Crack the Backend

Problem Statement

You are given an integer array nums. Initially you are at the first index. nums[i] represents the maximum jump length from index i (you can jump to any index from i to i + nums[i] inclusive). Return true if you can reach the last index, otherwise false.

You start at index 0 and can jump at most nums[i] steps from index i.
We only need to know reachability of the last index, not the minimum number of jumps.

Key Observations

We can greedily track the farthest index we can reach so far. If we are at step i and i is within the current farthest, we can reach i; then from i we can reach up to i + nums[i]. So we update farthest = max(farthest, i + nums[i]).
If at any step i we have i > farthest, it means we cannot reach i (and thus cannot reach the end), so return false. If we ever have farthest >= n-1, we can reach the last index — return true.
One pass from left to right is enough.

Approach

High-level: Maintain farthest = the farthest index we can reach. For each i from 0 to n-1: if i > farthest we cannot proceed, return false; else update farthest = max(farthest, i + nums[i]). If farthest >= n-1, return true. After the loop, return true if we reached the end.

Steps:

farthest = 0. For i = 0..n-1: if i > farthest return false. farthest = max(farthest, i + nums[i]).

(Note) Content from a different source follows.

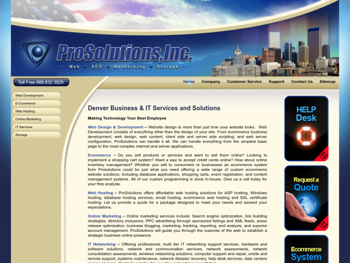ProSolutions is a Denver based, ISO 9001:2008 certified IT organization which has been in the industry since 1985. The company is focused to provide you the guaranteed quality services that meet your expectations and objectives as well as overcome challenges that span all business areas of your organization.

If farthest >= n-1 return true.
Return true (we reached the last index).

Implementation

Java

public boolean canJump(int[] nums) {
    int far = 0;

    for (int i = 0; i < nums.length; i++) {
        if (i > far) {
            return false;
        }

        far = Math.max(far, i + nums[i]);
    }

    return true;
}

Test Cases

Example 1

Input

nums = [2,3,1,1,4]

Expected

true

Explanation

Jump 1, then 3.

Complexity Analysis

Time: typically O(n) or O(n log n).
Space: O(1) or O(n).

Follow-ups

Prove greedy choice property; handle ties.